Examples of this this situation are listed in , but what are the actual odds of at least one person having an A?

My math says that it's about 64% in a full 6-max table. My calculations:

(3/47)*10=0.638

That is, three cards (the aces) of 47 (the unknown cards after the flop) have ten chances to appear (two cards for each opponent).

Is this the correct way to calculate these numbers?

So for a 5-player table:
(3/47)*8=0.51

And 4-player:
(3/47)*6=0.383


So how does this inform strategy? I raise PF and usually like to bet out on the flop. If I get called, I often slow down. If I get raised, I'll usually muc it. I'm not sure if this is optimal play, though.

Comments?

Your calculation is off. I don't know the right answer off the top of my head, but if if we do it your way for full ring, 3/47*18 > 1, which obviously isnt true. Have to go now, but will post later

First, it's exponents not multiplication... duh. So (3/47)^10 would be closer.
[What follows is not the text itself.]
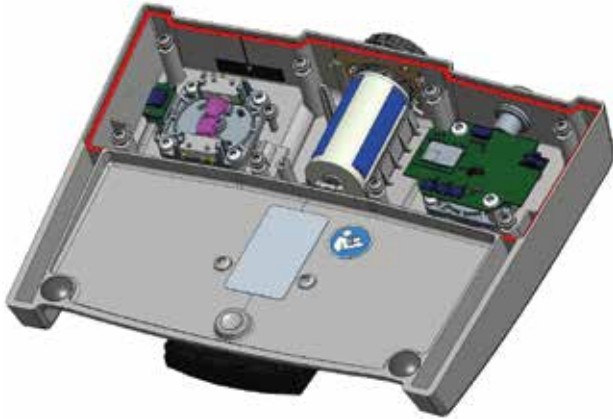
02 Eine ins Gehäuse integrierte Feuchtemessung ist eine sinnvolle Option für Fußschalter im OP – und ein Untersuchungsgegenstand des Merlin-Projekts von it’s OWL

I've got it backwards... I think the easy way to do it is to calculate the probability that one will not hit:

44/47 * 43/46 * 42/45 * 41/44 * 40/43 * 39/42 * 38/41 * 37/40 * 36/39 * 35/38=

.94 * .93. * 93 * .93 * .93 * .93 * .93 * .93 * .92 * .92 = about 48%

basically .93^10

for 5-handed = about 56%

for 4-handed = about 65%

for 10-handed - about 24%

So it's a crooked coinflip at a 6-handed table -- and that's assuming that opponents play any A.

geez, i was realy tired when i posted that last night.